Graduation Year

2018

Document Type

Dissertation

Degree

Ph.D.

Degree Name

Doctor of Philosophy (Ph.D.)

Degree Granting Department

Physics

Major Professor

Hariharan Srikanth, Ph.D.

Co-Major Professor

Manh-Huong Phan, Ph.D.

Committee Member

Xiaomei Jiang, Ph.D.

Committee Member

Sarath Witanachchi, Ph.D.

Committee Member

Jiangfeng Zhou, Ph.D.

Keywords

spin diffusion length, Spin Hall magnetoresistance, Spin Seebeck effect, spins transport

Abstract

In recent years, Spin Seebeck effect (SSE) emerges as one of the efficient and easiest ways to generate pure spin current for spintronics devices. In this dissertation, we have systematically studied the SSE and related phenomena like spin Hall magneto-resistance (SMR), anomalous Nernst effect (ANE) in functional magnetic oxides for both fundamental understanding of their origins and practical ways to apply into technological devices. The research has been performed on three different systems of topical interest: (i) Y3Fe5O12 (YIG)/Pt and YIG/C60/Pt, (ii) CoFe2O4 (CFO)/Pt and CFO/C60/Pt, and (iii) Nd0.6Sr0.4MnO3 (NSMO).

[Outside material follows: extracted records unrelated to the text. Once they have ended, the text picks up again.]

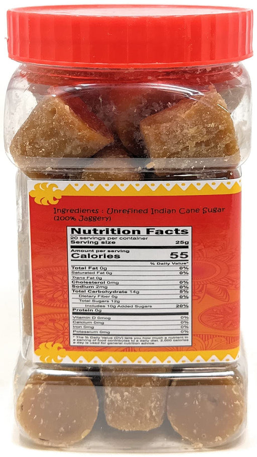 Product Type: Unrefined SugarPackaging: Plastic JarNet Wt. 17.5oz (1.1lbs) 500gProduct of IndiaIngredients: Jaggery, Permitted Food Colors (Tartraz...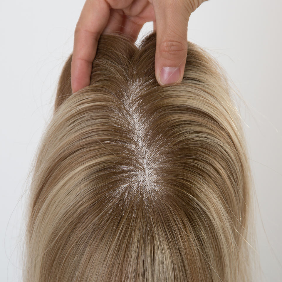 ท็อปเปอร์ผมแท้จากยุโรปเกรดพรีเมียม 3x6x6 รูปทรงลูกแพร์ ฐานโมโน ผมตรงสีน้ำตาลบลอนด์ไล่เฉด ไม่หลุดร่วง สำหรับผู้หญิง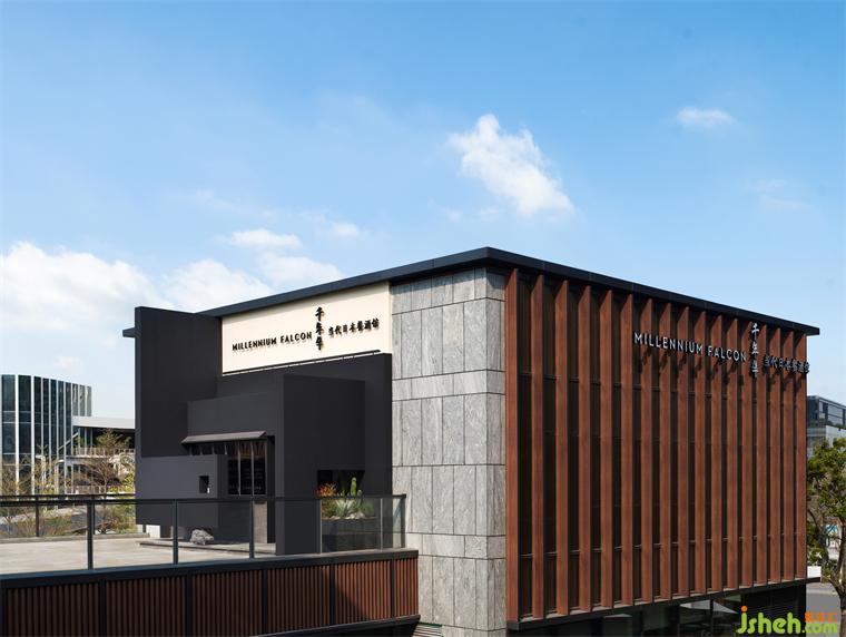 『千年隼』位于這繁華都市一隅,隱于都市繁華風(fēng)月,千年隼日本餐酒館設(shè)計掬一捧人間煙火,不局限于晨起暮落,于此歲月簡靜,風(fēng)煙俱凈。建筑立面在概念上和美學(xué)上延續(xù)日本料理細節(jié)精致的簡素之美。美食與設(shè)計的相遇,即是設(shè)計師在感悟文化與精神的內(nèi)核后,以獨有的設(shè)計感觸描繪出對空間的感悟。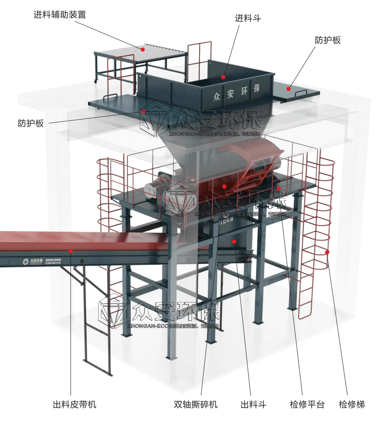 眾安環(huán)保大件垃圾處置系統(tǒng)全程密封結(jié)構(gòu),可以配合負(fù)壓除塵設(shè)計,能夠抑制大件垃圾破碎時粉塵外溢,實現(xiàn)清潔生產(chǎn)。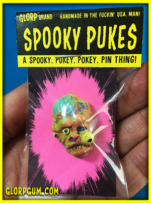 Blechnic is the second of 9 GLORP Spooky Pukes, a batch of handmade resin pins sculpted and produced right here at the world famous GLORP Gum factory in Minneapolis, MN.

In case of the YIG/Pt structure, we have achieved a new consensus regarding the temperature dependence of the longitudinal SSE (LSSE). For the first time, we have demonstrated the temperature dependence of LSSE in association with the magnetocrystalline anisotropy (HK) and surface perpendicular magnetic anisotropy field (HKS) of YIG in the same YIG/Pt system. We show that on lowering temperature, the sharp drop in LSSE signal (VLSSE) and the sudden increases in HK and HKS at ~175 K are associated with the spin reorientation due to single ion anisotropy of Fe2+ ions. The VLSSE peak at ~75 K is attributed to the HKS and MS (saturation magnetization) whose peaks also occur at the same temperature. The effects of surface and bulk magnetic anisotropies are corroborated with those of thermally excited magnon number and magnon propagation length to satisfactorily explain the temperature dependence of LSSE in the Pt/YIG system.

As a new way to reduce conductivity mismatch, promote spin transport, and tune the spin mixing conductance (G) at the YIG/Pt interface, we have deposited an organic semiconductor (OSC), C60, between ferrimagnetic material (FM) and Pt. Transverse susceptibility study on YIG/C60/Pt has shown that the deposition of C60 has reduced HKS at the surface of YIG significantly, due to the hybridization between the dz2 orbital in Fe and C atoms, leading to the overall increase in spin moments and G and consequently the LSSE. Upon lowering temperature from 300 K, we have observed an exponential increase in LSSE at low temperature (a ~800% increment at 150 K) in this system, which is attributed to the exponential increase in the spin diffusion length of C60 at low temperature. On the other hand, similar experiments on CoFe2O4 (CFO)/C60/Pt show a reduction in the LSSE signal at room temperature, due to the hybridization between the dz2 orbital in Co and C atoms that results in the increased magnetic anisotropy. Upon decreasing the temperature below 150 K, we have interestingly observed that LSSE signal from CFO/C60/Pt exceeds that of CFO/Pt and increases remarkably with temperature. This finding confirms the important role played by the spin diffusion length of C60 in enhancing the LSSE.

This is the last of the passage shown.